I suspect they were indeed seen as harbingers of modernity -- though I think it's noteworthy that they were also coded as essentially looking backward, toward an idealized/romanticized past. Their great achievement (both economically and culturally) is their ability to efface the contradictions in their claims to both tradition and modernity. The shot of Boyd with the British boys of different races is especially striking to me in this regard -- it elides the complex cultural differences in this encounter, in favor of a US-enabled modern global economy. These appearances were also, however, interestingly localized. The shot of Duncan Renaldo with a Pancho-like character is taken with Jose Miguel Agrelot, a popular Puerto Rican comedian and TV star who stepped in as Cisco's sidekick just for the duration of this trip.

It's a wonderful achievement to elevate Hopalong Cassidy and the Cisco Kid from their second-class status in the American entertainment industries by pointing out their wild success in the global markets that developed after World War II. There wasn't a single big-time star or director or producer or studio during the 1950s that would have touched either property with a ten-foot pole. This really is a wonderful example of how the tide turned with television.
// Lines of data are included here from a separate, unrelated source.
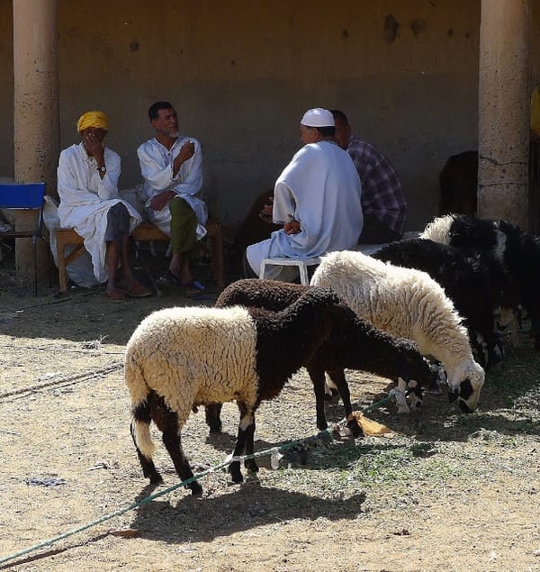 | Sheep market at the big souk in Rissani. Lamb is slaughtered for special festivals and for wedding feasts. |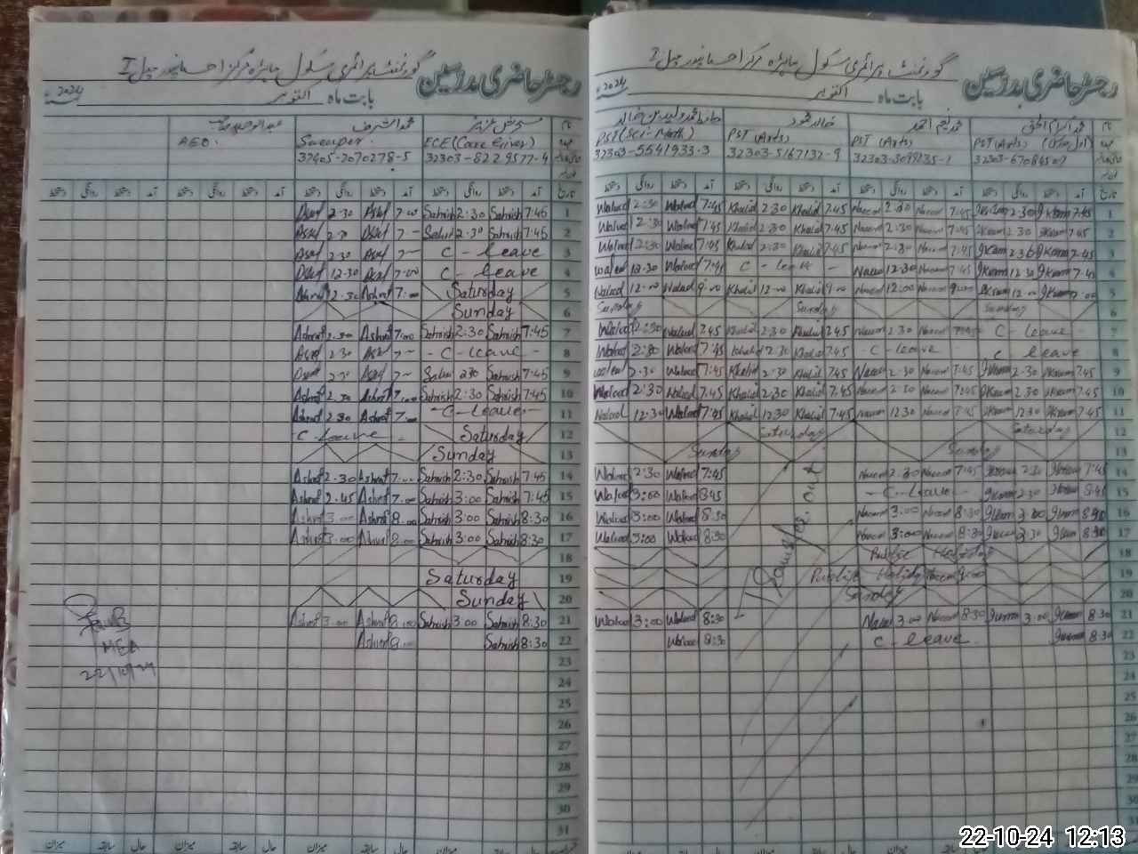 | CNIC | Full Name | Designation | R/C | Absence during last cal. month |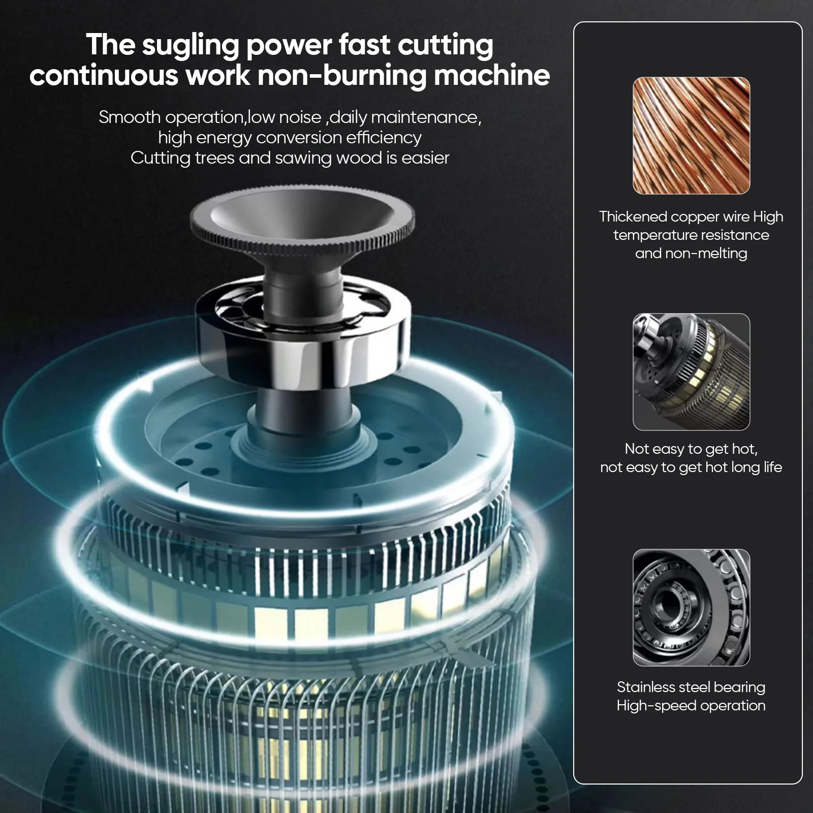2.Motore brushless super potente: la nuova sega elettrica è dotata di un motore brushless in rame puro, robusto e resistente al calore.Il grande rotore può resistere al sovraccarico, alla combustione efficace della macchina, rendendolo più efficiente, prolungando la durata e prolungando la durata.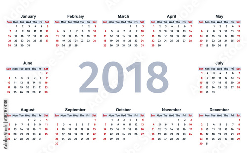 2018 Calendar Year Vector Graphics Week Starts Sunday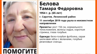В Саратове найдена пропавшая 65-летняя Тамара Белова. Об этом сообщает поисковый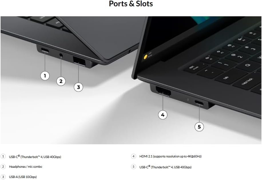 Ports&Slots: 2 x USB-C (Thunderbolt 4, USB 40Gbps), USB-A (USB 10Gbps), Headphones / mic combo, HDMI 2.1 (supports resolution up to 4K@60Hz)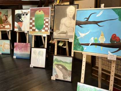 おやつの場所をお借りして、美術部の作品が所狭しと展示してあります。ぜひお越しください!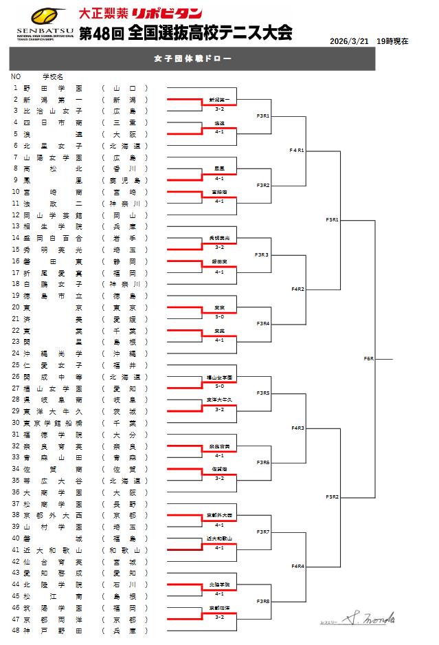 ◆ 第48回全国選抜高校テニス大会 女子団体1日目結果(詳細はこちら)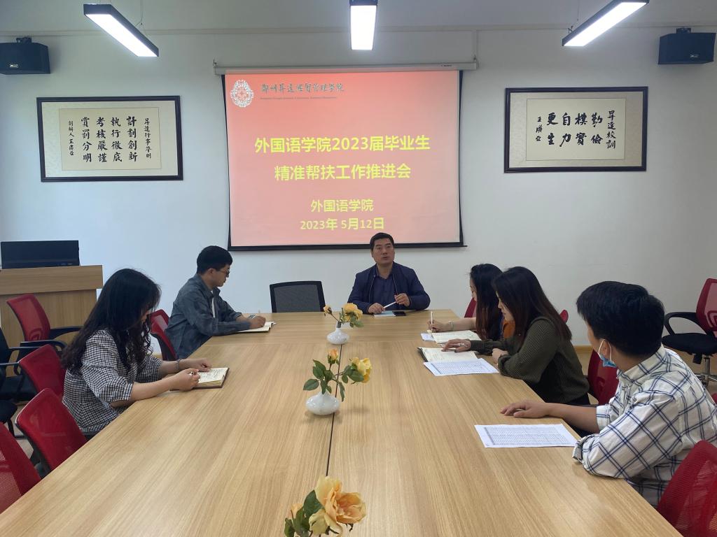 为抓住当前就业黄金期,强力推进2023届毕业生就业工作,2023年5月12日上午,外国语学院召开2023届毕业生精准就业帮扶工作推进会,会议由党委书记石皓召主持,全体23届毕业生辅导员参加。

Now, I hate to get all bibliographic on you, Michael, but I tend to be dubious whenever I see a claim like "they were among the very first global transmedia commercial intertexts." You've hedged a bit with the inclusion of the word "among," but I think you're saying that the were essentially the very first. What would you say to those who would beg to differ by arguing that Hoppy and Cisco merely rested their boots on the shoulders of a true giant -- Buffalo Bill? In the book, Buffalo Bill in Bologna: The Americanization of the World, 1869-1922, historians Robert Rydell and Rob Kroes describe Buffalo Bill's European tours (among other American-made entertainments and amusements of the time) as avatars of American cultural influence as it began to spread around the globe. It's not to diminish Hoppy and Cisco as emerging icons of American cultural influence in postwar global markets -- merely to point out the precedent of Buffalo Bill and other iconic American amusements that had played the role of cultural ambassador/invader when William Boyd was still playing Easterners in movies. I love your tarmac shots, which so effectively encapsulate the emerging postwar marketplace, but there also may be precedents in the PR images of celebrities departing or arriving by other modes of conveyance that once epitomized the modern before they were replaced by the airplane. Buffalo Bill made sure the press was aware when his Wild West Show arrived by steamship or train.

Michael, you’re reminded me of airports as charged locales in media texts and in modernity, writ large. These tarmac photos are so evocative. Chris and Avi have already addressed most of my initial thoughts, but I’ll express my continued amazement at the stubborn persistence of the Western as genre and the Cowboy as icon in the most unlikely of global locales. Do we know who arranged the pairing of The Cisco Kid and Jose Miguel Argelot? It could be that the global expansion of these Hollywood products caused enough concern among the show’s creators and exporters that they felt they needed some “insurance.” The presence of local celebrities like Agrelot might have been supplemental in nature, so as to increase the chances of a positive reception for Cisco, the show, and all the aspects of American media, culture and capital he represented. If so, it would be interesting to know which media entity lacked confidence in The Cisco Kid’s acceptance, its U.S. progenitors or its international partners.